Proponents of the program as is, among them most disappointingly Gov. Bobby Jindal, say that it isn’t broken because it has increased the proportion of Louisianans going to college and they complete it at a rate about a third higher than those who don’t receive it. But this analysis is somewhat selective: in 2011-12, about 45,000 awards were granted, while the number in college in the state was over 225,000, meaning only about 20 percent of all enrollees were in the program (although probably closer to 50 percent when considering only full-time students) and, because there are at least low standards as opposed to none, you would expect the cohort with TOPS to be more capable and therefore more likely to graduate. It’s not the program that causes graduation; it’s the self-selectivity of the populations that does.

So the policy goal must be to have TOPS as part of a strategy to assist deserving students who otherwise might not go to college in Louisiana while mitigating its negative spillover effects. A suggestion using the philosophy adopted by Oregon sets a good framework. That state has qualifying students apply for other forms of financial aid and then, if sufficient funding exists, makes up the rest with a TOPS-like structure.

This can be improved by making TOPS a true scholarship program by increasing standards (such as to Louisiana State University Baton Rouge’s admittance criteria of an American College Test score of 24 and a 3.0 grade point average). While some argue this should become a need-based program instead, that makes the program unfair to students who they or their families must pay just because they have resources, removes an incentive to learn more in high school for them, and can be gotten around through gamesmanship (like the student declaring independence from family after a year, as out-of-state students do to gain in-state tuition rates).

Rather, it makes more sense to put the state’s need-based GO Grant program, currently set at a flat $1,000, on a sliding scale and create a state-backed lending program, both of which would be a part of the calculation of the altered TOPS program amount. This decouples TOPS from tuition charged and creates an incentive for students who have borrowed to pay more attention to their studies, because they can’t write off failures or exits as TOPS now allows but instead will owe money, as well as lets the state get back much money that is wasted by students failing to complete courses and degrees.

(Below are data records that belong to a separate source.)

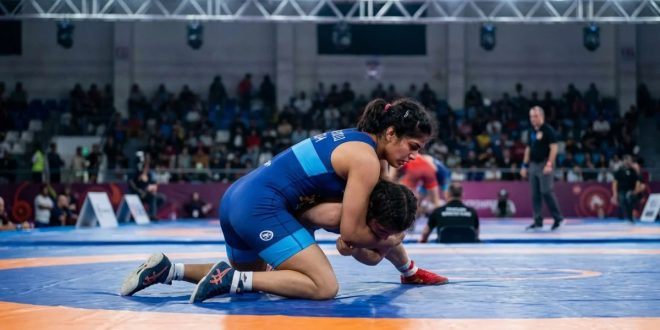 हंसिका लांबा और नेहा ने सीनियर एशियाई कुश्ती चैंपियनशिप में बृहस्पतिवार को भारत के लिए महिला वर्ग में क्रमशः 55 किग्रा और 59 किग्रा वर्ग में कांस्य पदक जीते, जबकि दो बार की राष्ट्रीय चैंपियन मीनाक्षी गोयत ने दक्षिण कोरिया की सियोयंग पार्क को हराकर 53 किग्रा वर्ग के फाइनल में प्रवेश किया। हंसिका ने महिला 55 किग्रा कांस्य पदक मुकाबले में किर्गिस्तान की अरूके कादिरबेक किजी के खिलाफ पहले राउंड में सतर्क खेल दिखाया। दूसरे राउंड के पहले ही मिनट में पैर पर आक्रमण के जरिए उन्होंने अंक हासिल किया और अंततः 6-1 से जीत दर्ज की। नेहा ने महिला 59 किग्रा कांस्य पदक मुकाबले मेंमंगोलिया की बोलोरतुया खुरेल्खू को 10-4 से हराकर भारत के पदकों की संख्या सात तक पहुंचा दी। पुरुष ग्रेको-रोमन पहलवानों ने प्रतियोगिता के पहले तीन दिनों में दो रजत और तीन कांस्य पदक अपने नाम किए थे। मीनाक्षी ने 53 किग्रा वर्ग में विश्व चैंपियनशिप की कांस्य पदक विजेता अंतिम पंघाल को हराकर भारतीय टीम में जगह बनाई थी। वह बृहस्पतिवार को आखिरी 30 सेकंड तक 0-2 से पिछड़ रही थीं, लेकिन 25 वर्षीय पहलवान ने चार अंक वाले थ्रो के साथ अपने प्रतिद्वंद्वी को चौंकाया और फाइनल में प्रवेश किया। फाइनल में उनका सामना चीन की जिन झांग से होगा, जिन्होंने जापान की मोए कियूक्का को पटखनी दी। हर्षिता (72 किग्रा) और मोनिका (65 किग्रा) शुक्रवार को कांस्य पदक के लिए भिड़ेंगी। हर्षिता सेमीफाइनल में जापान की 2024 एशियाई चैंपियन माहिरो योशिटाके से 2-7 से हार गई थीं। अब वह कांस्य पदक के लिए उज्बेकिस्तान की सेविंचॉय पोल्वोनोवा से मुकाबला करेंगी। महिला 65 किग्रा वर्ग में मोनिका क्वार्टर फाइनल में जापान की नाना इकेहाता से हार गई थीं। इकेहाता के फाइनल में पहुंचने से मोनिका को अब कांस्य पदक जीतने का मौका मिलेगा। वह कांस्य पदक के लिए कोरिया की हानबिट ली से भिड़ेंगी। इसके अलावा, मीनाक्षी (57 किग्रा) और मानसी (62 किग्रा) को रिपेचेज दौर के जरिए कांस्य पदक जीतने का अवसर मिलेगा। शुक्रवार को मीनाक्षी (57 किग्रा) का सामना किर्गिस्तान की तानचोलपोन किबालबेकोवा से और मानसी का सामना मंगोलिया की त्सेरेनचिमेद सुई से होगा।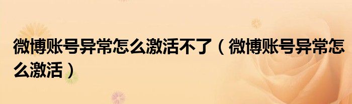 微博账号异常怎么激活不了(微博账号异常怎么激活)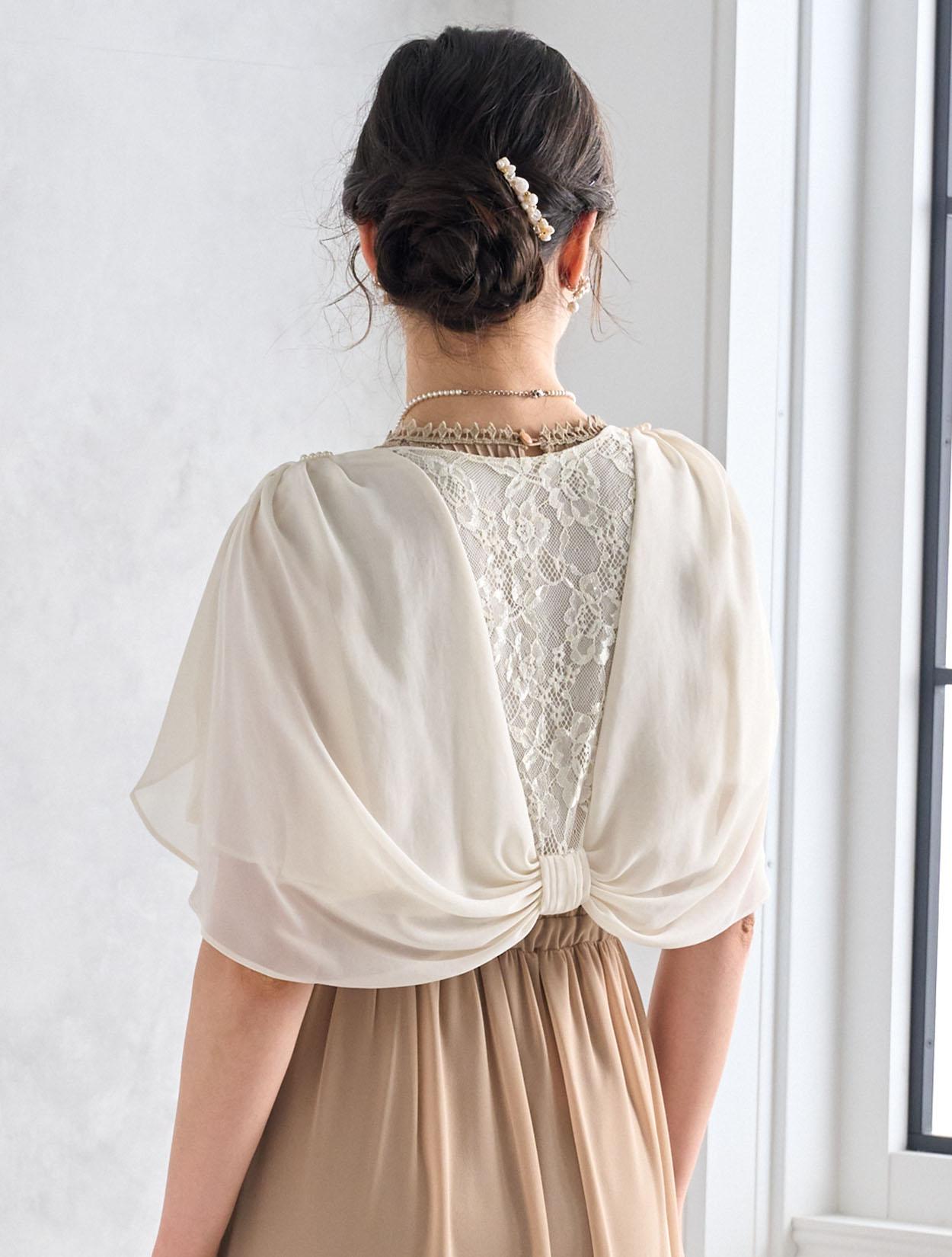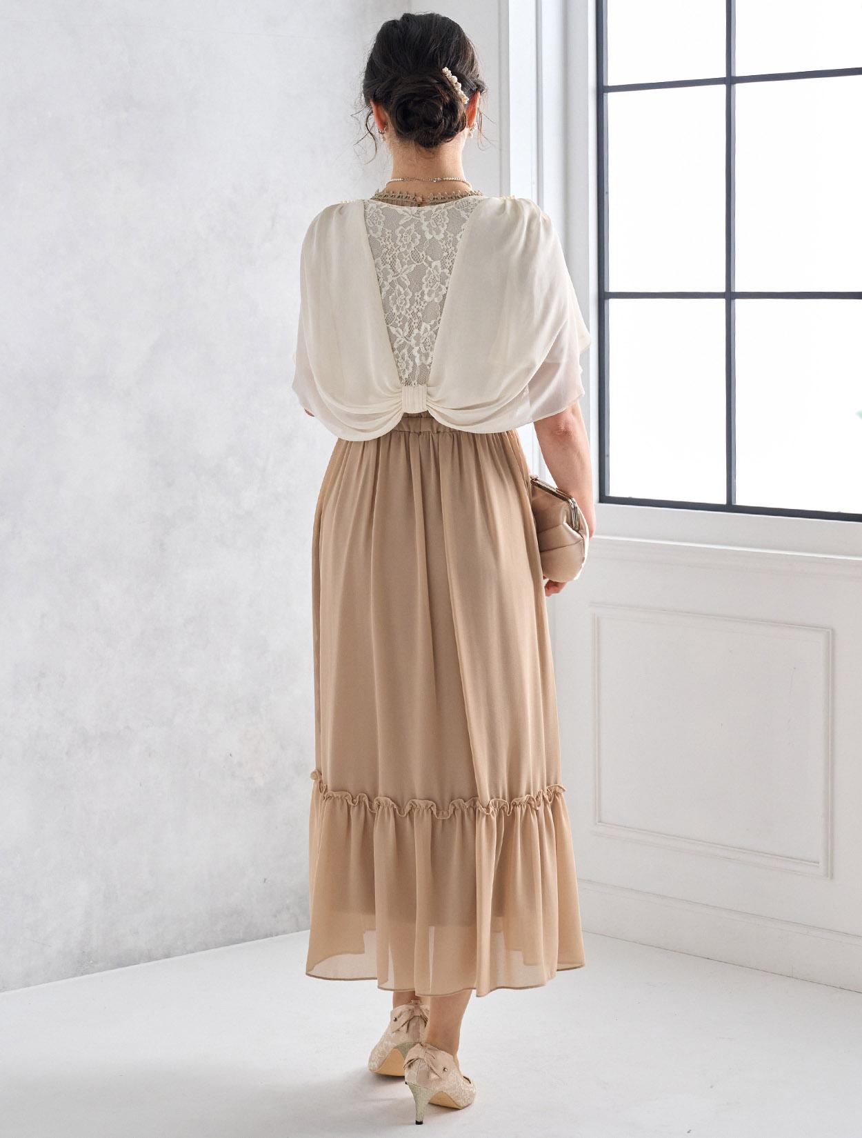 バックスタイルがキュートなケープ風のボレロを合わせた可愛いらしい印象のコーデ。ベージュでも地味にならないコーディネートで人気があります。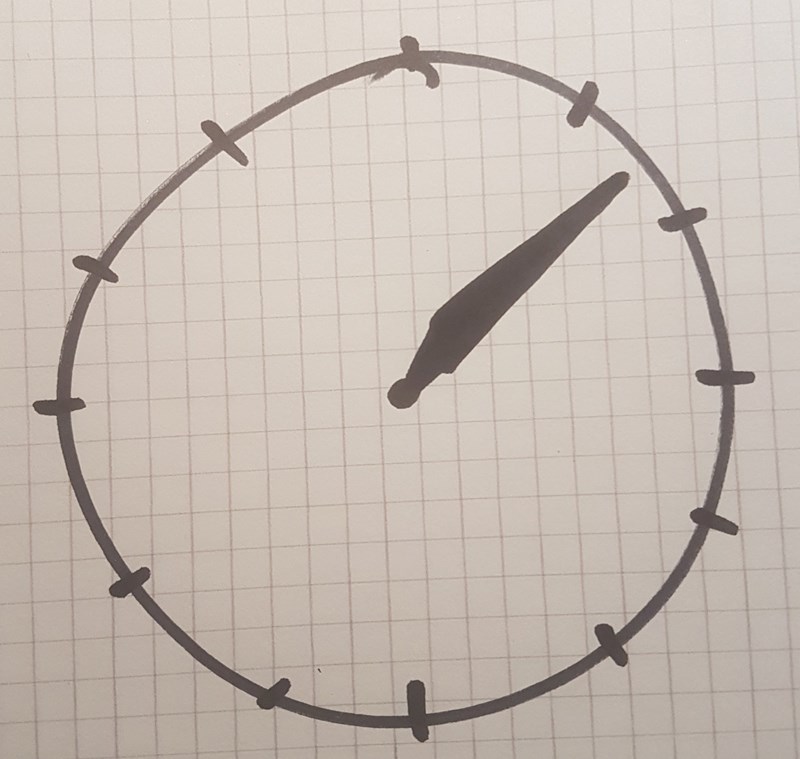 Nej du ska rita in minutvisare som går från urtavlans mittpunkt till urtavlans rand. som jag visade t.ex. i det här svaret.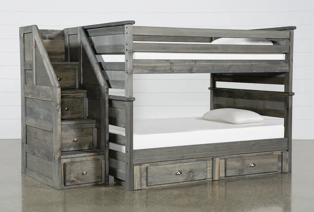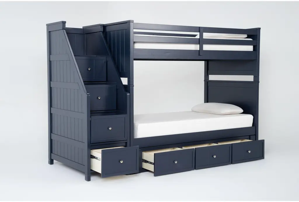 Luca Blue Twin Over Twin Wood Bunk Bed With Stairway & 3-Drawer Storage Unit

In short, at present TOPS works like a welfare program except, unlike the resources transfer programs where at least some of the recipients have genuine cause and needs beyond their own power for the assistance, this one is purely want-based. That kind of basis means policy to address it must be based upon merit, not entitlement, in order for it to accomplish its goal without undue spillover costs. Making it into a need-based program, as others advocate, not only keeps these costs and is unfair, but also will fail to address its intent sufficiently. Hopefully, policy-makers all the way up to Jindal will understand this and act accordingly.